Bloodied France vows ‘merciless’ response to IS ‘act of war’

Published November 15, 2015
PEOPLE being evacuated from the concert hall where 87 people were massacred.—AFP
PEOPLE being evacuated from the concert hall where 87 people were massacred.—AFP

PARIS: French President Francois Hollande promised a “merciless” response to the wave of attacks by gunmen and bombers that killed at least 129 people across Paris on Friday (Saturday morning in Pakistan).

The president described the assault claimed by the militant Islamic State (IS) group as “an act of war” against France.

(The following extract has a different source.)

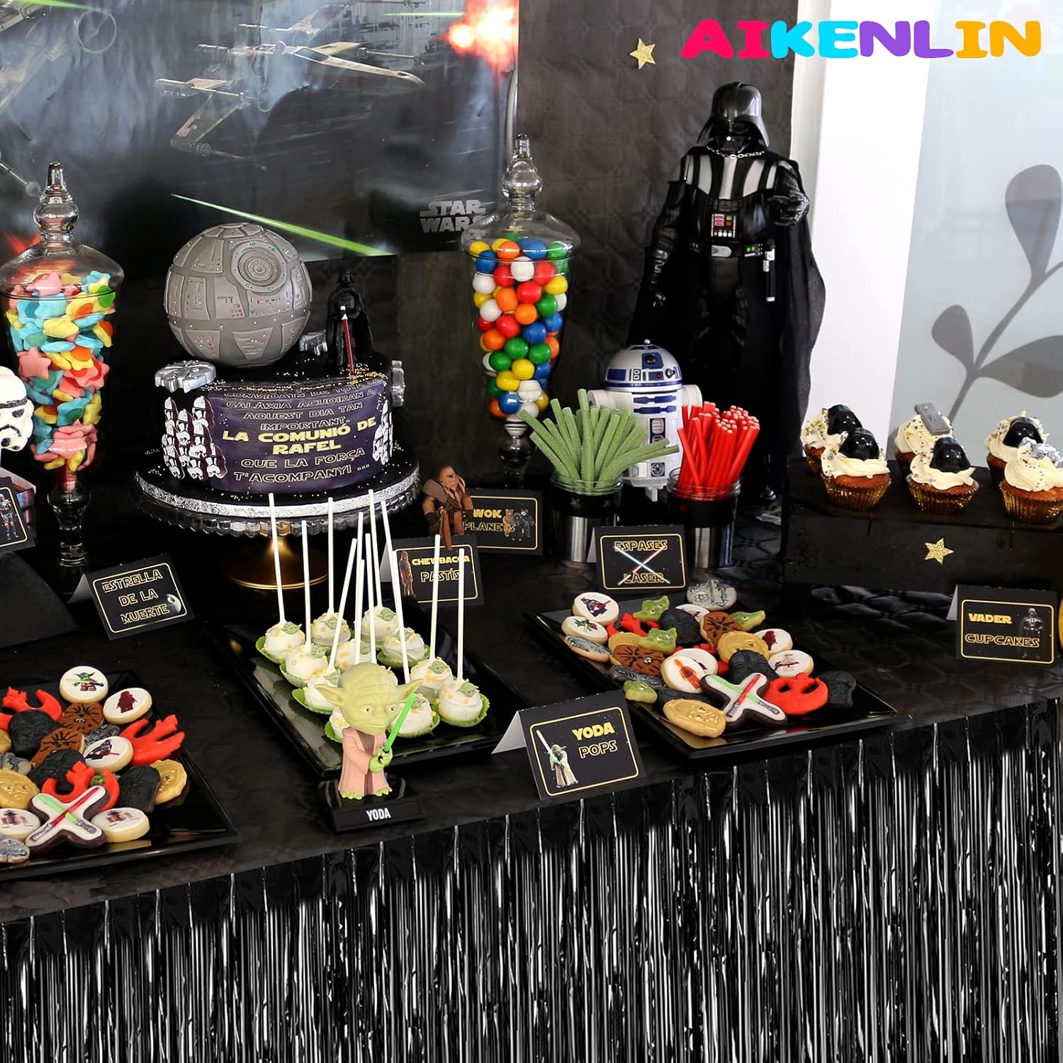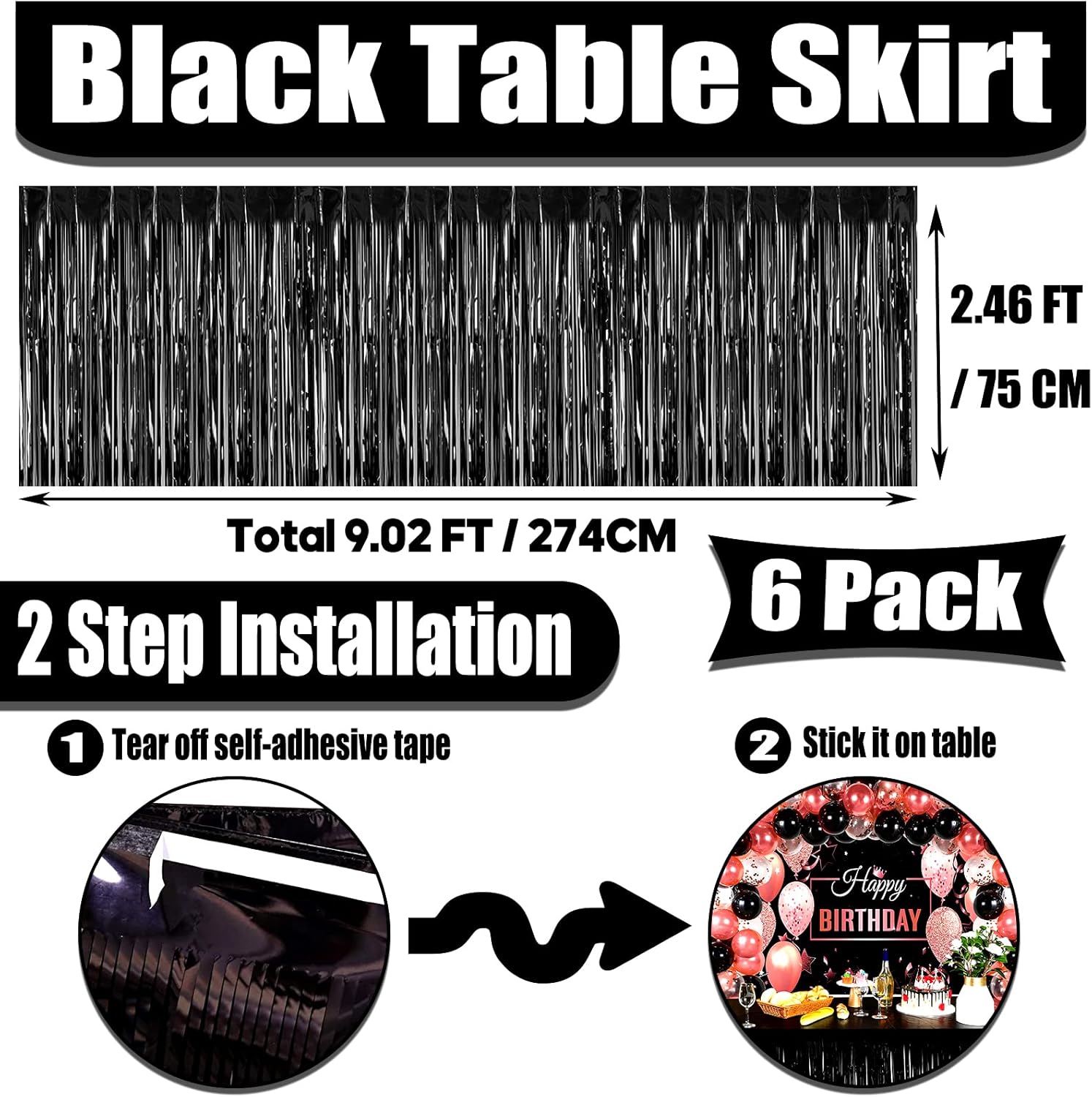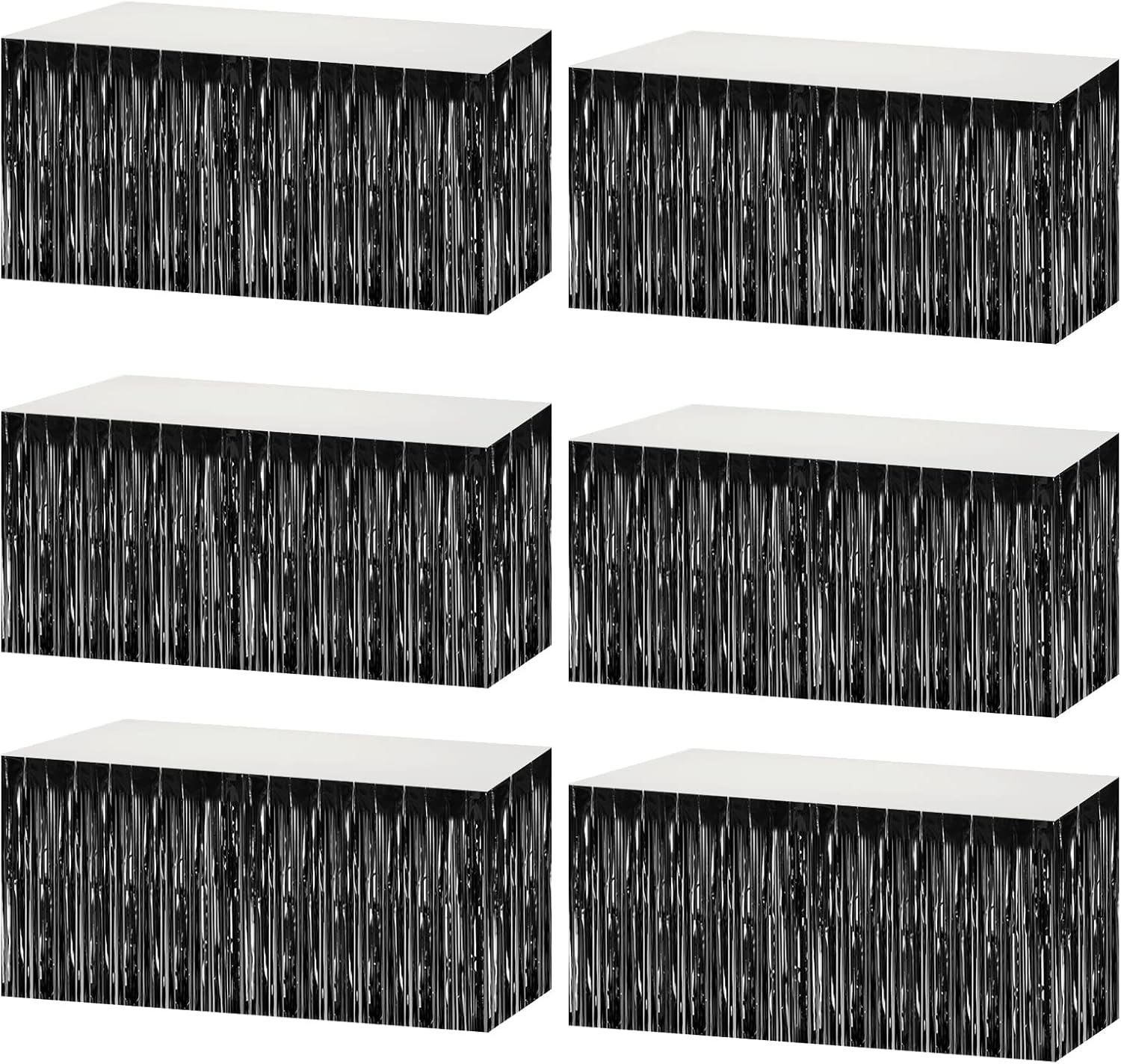 6 Pack 29x108 Inch Metallic Foil Fringe Tinsel Table Skirts Banner for Rectangle Tables Streamer Garland Curtains Backdrop for Wedding, Birthday, Parade Floats, Christmas Party Decoration(Black)

“France will be merciless towards these barbarians from Daesh,” he said, using the Arabic acronym for IS.

“Faced with war, the country must take appropriate action,” Mr Hollande said after an emergency meeting of security chiefs. He also announced three days of national mourning.

In the worst attack, four gunmen systematically slaughtered 87 young people at a rock concert at the Bataclan concert hall before anti-terrorist commandos launched an assault on the building. A number of survivors were rescued.

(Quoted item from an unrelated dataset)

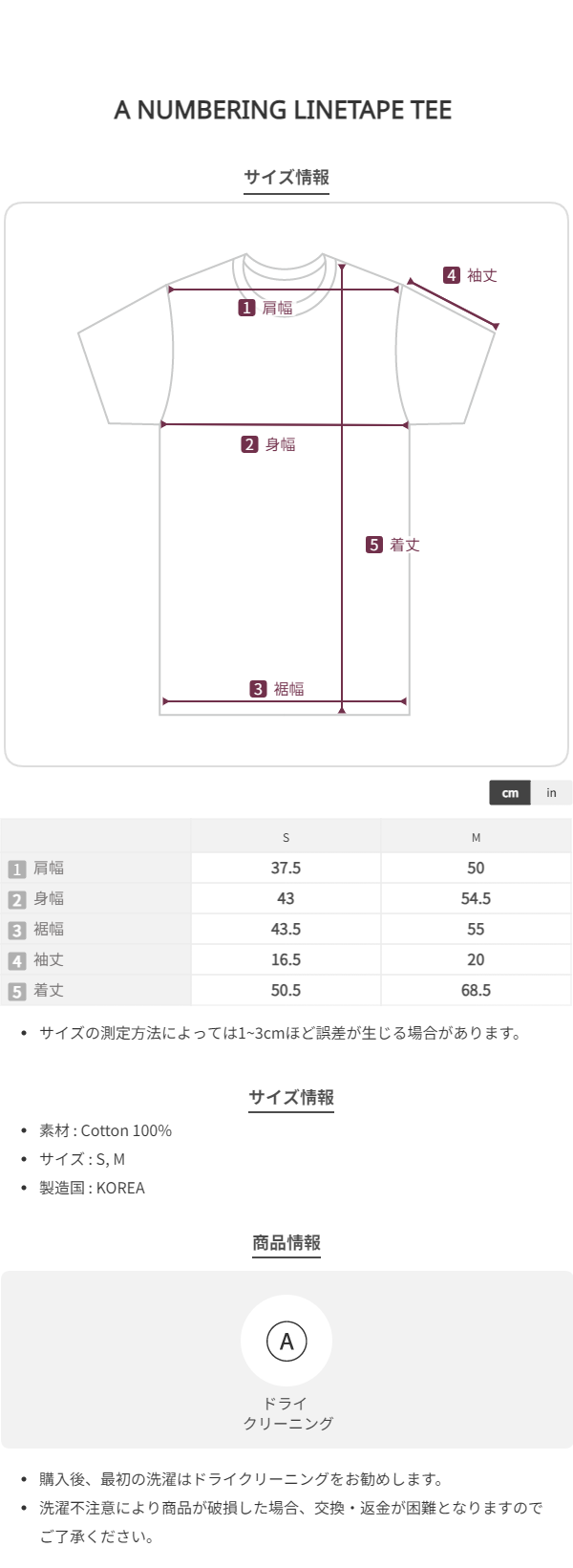 A NUMBERING LINETAPE TEE CREAM
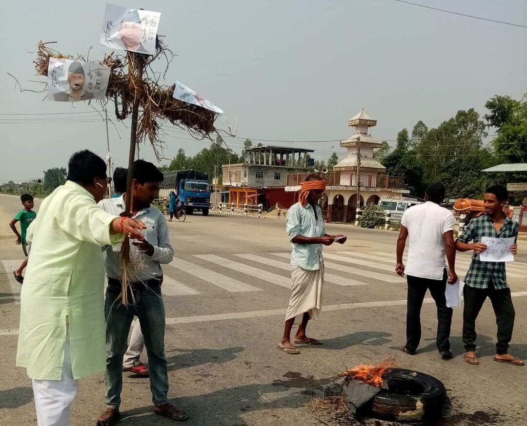 धनुषामा ओली, लिङ्देन र लामिछानेको पुत्ला दहन

At least 40 more people were killed in five other attacks in the Paris region, including an apparent double suicide bombing outside the Stade de France national stadium, where Mr Hollande and the German foreign minister were watching a friendly soccer international between the two countries.

The assaults came as France, a founder member of the US-led coalition waging air strikes against IS in Syria and Iraq, was on high alert for terrorist attacks.

•At least 129 killed in worst atrocity in Paris since WWII

•Six places come under terrorist attack

•Fallout feared on refugees migrating to Europe

It was the worst terrorist attack in Europe since the Madrid train bombings of 2004, in which 191 died. It was also the worst atrocity in Paris since World War II.

Mr Hollande said the attacks had been organised from abroad by IS, with internal help.

Sources close to the investigation said one of the dead gunmen was French with ties to Muslim militants. Syrian and Egyptian passports were found near the bodies of two of the suicide bombers.

Former president Nicolas Sarkozy said in a statement: “The war we must wage should be total.”

In its claim of responsibility, IS said the attacks were a response to France’s campaign against its fighters.

It also distributed an undated video in which a militant said France would not live peacefully as long as it took part in US-led bombing raids against them.

“As long as you keep bombing you will not live in peace. You will even fear travelling to the market,” said a bearded Arabic-speaking militant, flanked by other fighters.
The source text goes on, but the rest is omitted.